INPUT FOR THIS TASK –
※ ※ ※

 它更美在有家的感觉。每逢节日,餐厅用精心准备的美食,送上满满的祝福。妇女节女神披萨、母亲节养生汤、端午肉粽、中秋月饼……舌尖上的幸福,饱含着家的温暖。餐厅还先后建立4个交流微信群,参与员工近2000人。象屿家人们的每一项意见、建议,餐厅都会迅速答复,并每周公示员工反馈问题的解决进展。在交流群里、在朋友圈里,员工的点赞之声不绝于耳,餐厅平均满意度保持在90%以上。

※ ※ ※

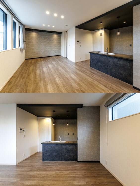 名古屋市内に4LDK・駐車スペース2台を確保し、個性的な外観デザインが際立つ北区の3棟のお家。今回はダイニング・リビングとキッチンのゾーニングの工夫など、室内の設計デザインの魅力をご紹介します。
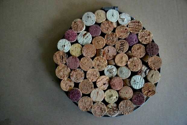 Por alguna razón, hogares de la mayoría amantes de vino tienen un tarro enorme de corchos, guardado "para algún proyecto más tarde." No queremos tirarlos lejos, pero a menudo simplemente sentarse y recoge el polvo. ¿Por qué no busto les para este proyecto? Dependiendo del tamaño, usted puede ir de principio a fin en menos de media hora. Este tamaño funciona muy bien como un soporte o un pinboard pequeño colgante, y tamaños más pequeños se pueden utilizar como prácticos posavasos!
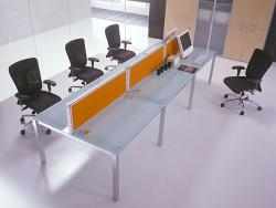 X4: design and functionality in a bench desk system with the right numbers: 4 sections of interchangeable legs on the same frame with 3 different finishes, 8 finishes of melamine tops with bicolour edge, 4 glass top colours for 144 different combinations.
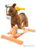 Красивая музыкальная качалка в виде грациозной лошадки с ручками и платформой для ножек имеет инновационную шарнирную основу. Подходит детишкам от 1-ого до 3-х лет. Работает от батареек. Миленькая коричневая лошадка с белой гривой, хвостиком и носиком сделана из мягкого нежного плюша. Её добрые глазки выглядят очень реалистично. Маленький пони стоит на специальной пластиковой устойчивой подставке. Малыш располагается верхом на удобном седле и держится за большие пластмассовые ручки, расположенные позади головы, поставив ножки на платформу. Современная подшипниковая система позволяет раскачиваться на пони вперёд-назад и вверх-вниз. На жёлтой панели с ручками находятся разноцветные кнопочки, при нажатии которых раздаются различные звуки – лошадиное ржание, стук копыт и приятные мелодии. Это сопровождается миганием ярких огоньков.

※ ※ ※

Give again the stretch of lines above from the one with "名古屋市内に4LDK・駐車ス" through the one with "X4: design and", both ends kept, and copy no pictures.

 名古屋市内に4LDK・駐車スペース2台を確保し、個性的な外観デザインが際立つ北区の3棟のお家。今回はダイニング・リビングとキッチンのゾーニングの工夫など、室内の設計デザインの魅力をご紹介します。
 Por alguna razón, hogares de la mayoría amantes de vino tienen un tarro enorme de corchos, guardado "para algún proyecto más tarde." No queremos tirarlos lejos, pero a menudo simplemente sentarse y recoge el polvo. ¿Por qué no busto les para este proyecto? Dependiendo del tamaño, usted puede ir de principio a fin en menos de media hora. Este tamaño funciona muy bien como un soporte o un pinboard pequeño colgante, y tamaños más pequeños se pueden utilizar como prácticos posavasos!
 X4: design and functionality in a bench desk system with the right numbers: 4 sections of interchangeable legs on the same frame with 3 different finishes, 8 finishes of melamine tops with bicolour edge, 4 glass top colours for 144 different combinations.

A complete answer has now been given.